I continue to believe that putting a display on the head, as great as that display might be, is not enough for a truly compelling virtual reality interaction, and that hand and finger tracking is a critical missing component for the VR experience.
Two new Kickstarter projects provide a step in the right direction, each taking a different approach:
Approach 1: PrioVR from YEI
PrioVR from YEI Technology has launched on Kickstarter earlier this month. It uses a connected network of high-quality orientation sensors to determine the orientation of various body parts. By logically connecting these sensors to a skeletal model of the body, the system can also determine the body posture and position of hands, feet, elbows, etc. This facilitates both motion capture as well as real-time reporting of body position and orientation into a game engine.
|Motion Capture studio from YEI technology|
One of the things that I like about the PrioVR system is that it is completely portable. It does not require a stationary sensor (e.g. Kinect), it does not require the person to be facing towards a particular direction and can really be taken anywhere, assuming you are willing to walk around with the sensors strapped to the body. The system does assume a wireless link between the central station on the body and a computer, but this works over fairly substantial distances. Additionally, if the computing device is portable, one could imagine a simple wired connection to it for enhanced portability.
- The number of sensors that are being used. For instance, if a sensor is placed on the back, this sensor can be used to determine the rotation of the body and also help in determining the XYZ position of head (leaning forward will be registered in the system and through the skeletal model can be used to estimate the height of the head). However, if another sensor is placed on the lower back, the combination of these two sensors can be used to determine if the person has turned or is twisting the back.
- Calibration accuracy. In the YEI model, sensors are attached to the body using elastic straps. It is easy to see how a strap might be rotated so that, for instance, an arm sensor is not parallel to the ground even when the arms are. To avoid errors, a quick calibration might be required at the beginning of a session.
- Accuracy of skeletal model. If the model assumes a certain distance from shoulder to elbow, but the actual distance is different that what is assumed, one could see how the hand position might be impacted by this skeletal error.
One wonders if this system does not produce ‘too much information’ relative to what is required. For instance, while it may be nice to understand if the arm is bent and exactly at what direction, is that information really required for a game that only cares about the hand position?

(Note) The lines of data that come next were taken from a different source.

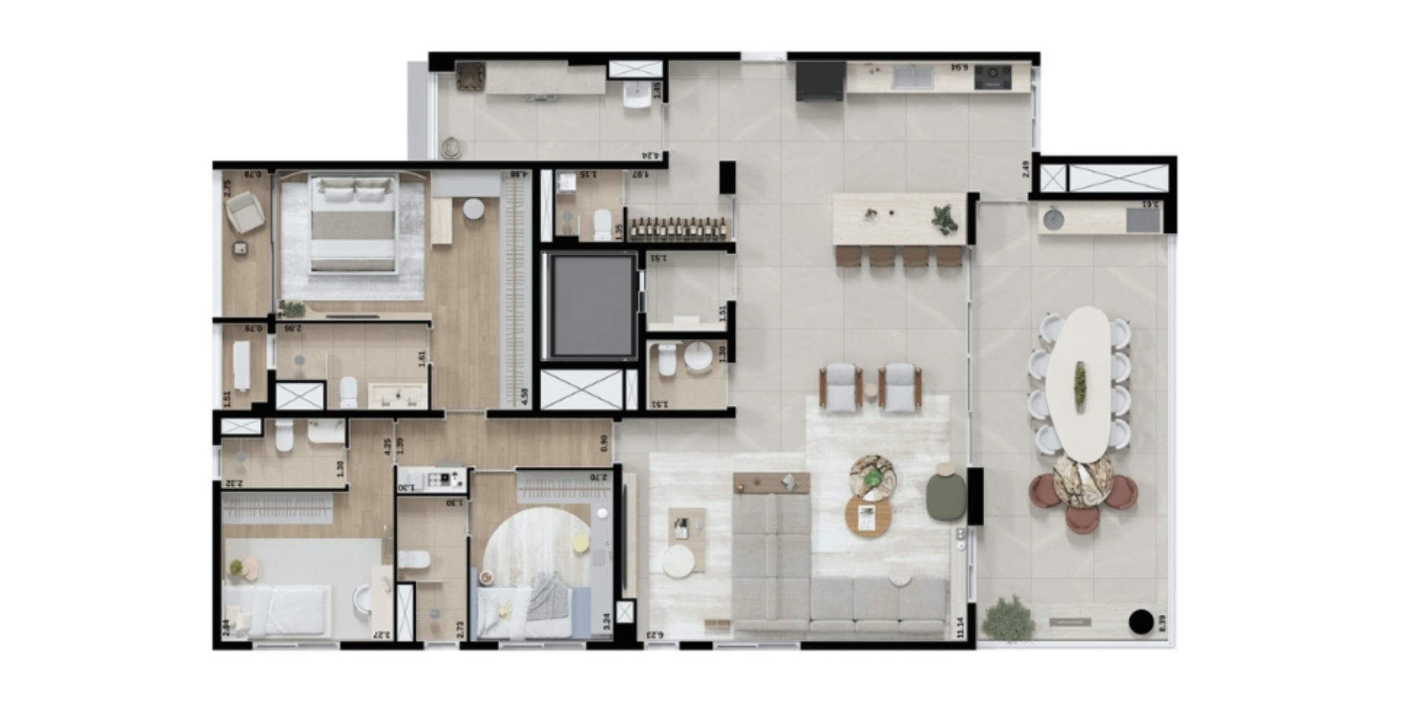 COMO UM AUTÊNTICO BAIRRO-JARDIM E A APENAS DOZE MINUTOS DA FARIA LIMA, VOCÊ ENCONTRA AQUI O QUE EXISTE DE MAIS SOFISTICADO NO ALTO PADRÃO DE SÃO PAULO. TERRENO AMPLO, COM FRENTE PARA TÊS RUAS IMPORTANTES DO BAIRRO E APARTAMENTOS COM LAYOUTS SEMELHANTES AOS DE CASAS, COM ESPAÇOS AMPLOS E POUCOS CORREDORES.
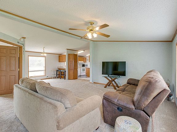 Rural living at its best! Nice mobile home on permanent foundation. New carpet and covered porch on over 8 acres with a shop perfect for storing farm equipment, etc. Selling as is. Buyers agent to verify all pertinent info.
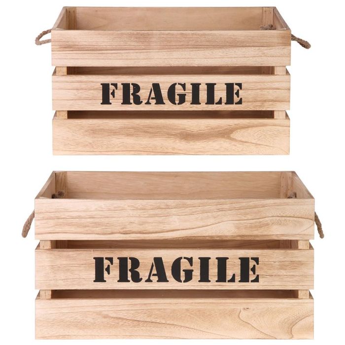 - Set de 2 cajas de almacenaje de madera natural con la palabra Fragile.
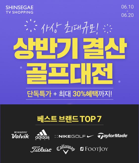 [아시아경제 임춘한 기자] 신세계TV쇼핑은 인기 골프 브랜드 상품을 최대 30% 할인가에 선보이는 ‘상반기 결산 골프대전’ 행사를 연다고 10일 밝혔다.
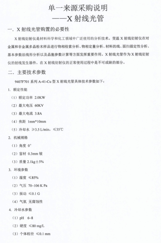 X射线光管单一来源采购说明.pdf
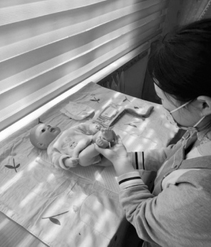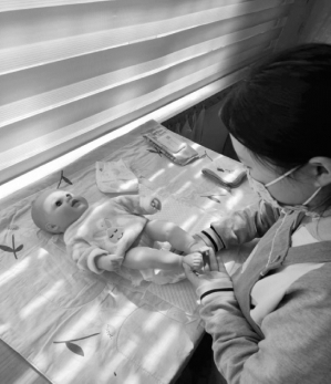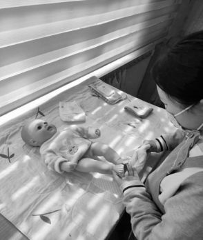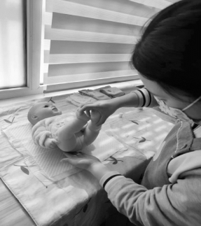 (2)细心观察,耐心等待回应。在整个尿布更换过程中,保育师要细心观察自己在实施操作行为后婴幼儿的表情、动作等行为反馈,并耐心等待这些行为反馈的发生,及时、灵活调整相关操作,让婴幼儿获得更好的体验感。
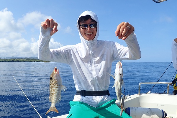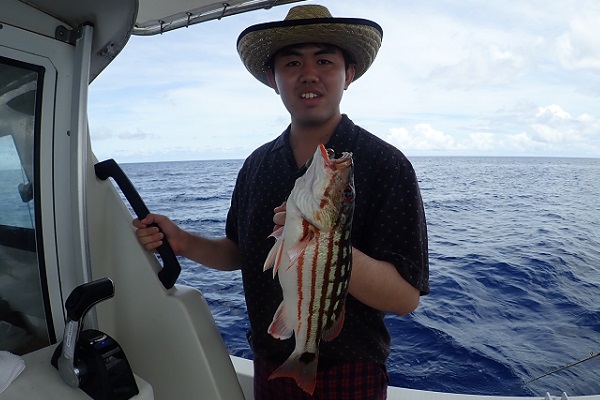 | 台風の影響もなくベタ凪の西表島。今日は大人たちの夏休み、1日チャーターで大物狙いです。 開始1投目にして良型フエフキダイ!しかし、潮の流れが早すぎてすぐに移動。その後は船を立てて水深100mで餌釣り。カワハギやフエフキダイなどが釣れますが、本命のハタは不在でした・・・。 多少風が強くなってきたので、湾内でハタ探し!実績ポイントを転々としてなんとかアザハタを2匹キャッチでした。 最後は根魚ポイントでスーパーライト泳がせ釣り。強烈なアタリがありましたが残念ながらラインブレイク。リベンジお待ちしておりまーす! |
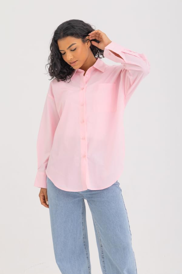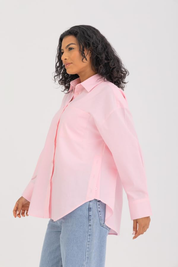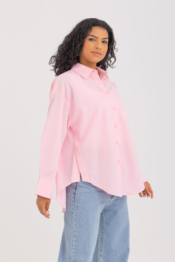 DressCode - DressCode Womens Side Split Buttoned Shirt In Pink Streetwear (pack of 1)
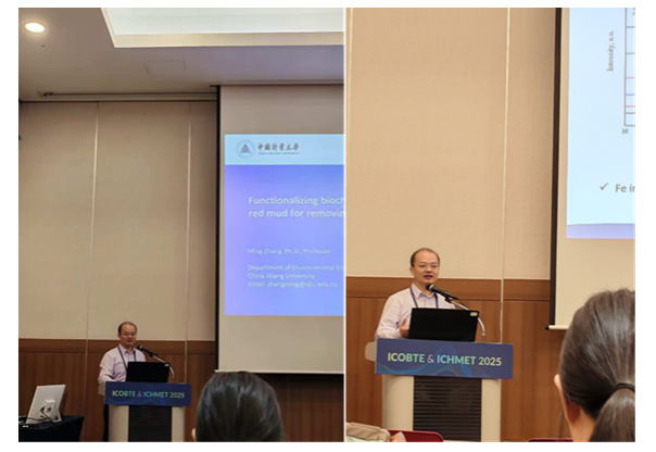 我院张明老师受邀参会,并在生物炭分会场做题为 “Functionalizing biochar by Co-pyrolysis shaddock peel with red mud for removing acid orange 7 from water”的主题报告(Keynote)。报告中,张明系统梳理了生物炭领域研究的进展以及存在的问题,介绍了团队在功能化生物炭制备及水污染治理领域的最新研究成果,详细阐述了以农业废弃物柚皮和工业固废赤泥为原料,通过共热解技术制备功能化生物炭的工艺原理,以及该生物炭在去除水中难降解有机污染物过程中的性能表现、作用机制与应用潜力。并和与会专家展开深入交流,为研究成果的进一步完善提供了宝贵思路。
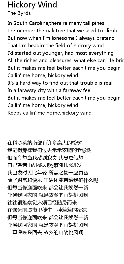 Callin' me home, hickory wind |
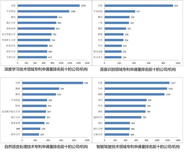 在語音識别和自然語言處理兩(liǎng)大領域,百度以933件和938件的專利申請量在排名榜中遙遙領先;

Approach 2: STEM from Sixense
The STEM system is scheduled to launch on Kickstarter later this month. It is an enhanced version of the current Razer Hydra in the sense that it adds wireless controllers as well as additional tracking points.
The STEM system uses a base station that helps track the XYZ position of various sensors/endpoints. A typical use case would be to track both hands when the user is holding a wireless controller as well as to track additional devices (head, weapon, lower body) if sensing modules are placed on it. To some extent, this is a simpler and more direct method than the PrioVR solution. With STEM, if you want to know the position of the hand, you just put a sensor on the hand. With PrioVR, if you want to know the position of the hand, you have to deduce it from the orientation of the various bones that make up the arm as well as knowledge about the upper and lower body. At the same time, it provides fewer data points about the exact posture and perhaps is more limited in the number of simultaneous sensors.
I have not had a chance yet to thoroughly evaluate the accuracy and response time of the STEM system yet.
|Sixense STEM controller|
Once the basic position and orientation data is presented to the application from either the PrioVR or STEM sensors, there is still an opportunity for a higher level of processing and analysis. For instance, additional software layers can determine gestures or hand signals. If more processing can be done in a middleware software layer, less processing will be required by the games and other applications to take advantage of these new sensors.